◆ SUPPLIED MATERIAL
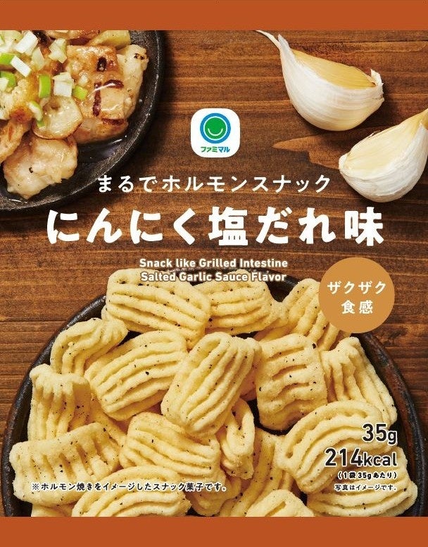 ファミリーマートでは、家庭でプチ贅沢を味わっていただける商品や巣ごもり生活での備蓄需要に対応した冷凍食品など、コロナ禍のライフスタイルにあわせた商品を多数展開してまいりました。このたびは、コロナ禍に定着した「家飲み」でのおつまみ需要に応えるお菓子として、外食店で人気の「ホルモン焼き」をイメージしたスナック菓子「まるでホルモンスナック にんにく塩だれ味」を新発売いたします。「ホルモン焼き」独特のジューシーな味わいはもちろんのこと、見た目も「ホルモン焼き」そっくりに仕上げた商品です。
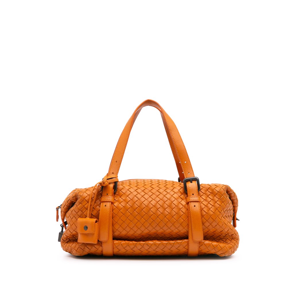 The Montaigne features a woven nappa leather body, flat leather straps, a top zip closure, and interior zip and slip pockets.
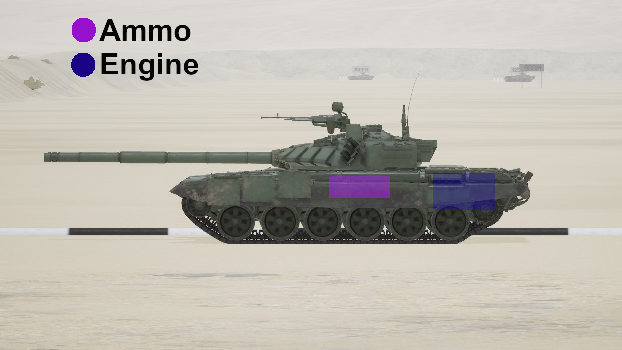 - The design of the turret makes the turret cheeks nearly invulnerable to anti-tank fire at any range. Similarly, the aggressively sloped upper front plate (UFP) of the tank makes the front hull difficult to penetrate if the T-72B3 is in a slightly elevated position. To ensure a successful penetration at all ranges, tankers should prioritize engaging the gun mantlet (where the gun meets the turret) and the lower glacis. At shorter engagement ranges, however, the UFP can be easily penetrated. A well-placed shot right below the driver's view port from the front will usually result in ammunition detonation.

◆ EXERCISE REQUIREMENTS
Please repeat the lines that run from the one holding "The Montaigne features" to the last line of the material, both included, exactly and without pictures.

◆ RESULT OF THE TASK
 The Montaigne features a woven nappa leather body, flat leather straps, a top zip closure, and interior zip and slip pockets.
 - The design of the turret makes the turret cheeks nearly invulnerable to anti-tank fire at any range. Similarly, the aggressively sloped upper front plate (UFP) of the tank makes the front hull difficult to penetrate if the T-72B3 is in a slightly elevated position. To ensure a successful penetration at all ranges, tankers should prioritize engaging the gun mantlet (where the gun meets the turret) and the lower glacis. At shorter engagement ranges, however, the UFP can be easily penetrated. A well-placed shot right below the driver's view port from the front will usually result in ammunition detonation.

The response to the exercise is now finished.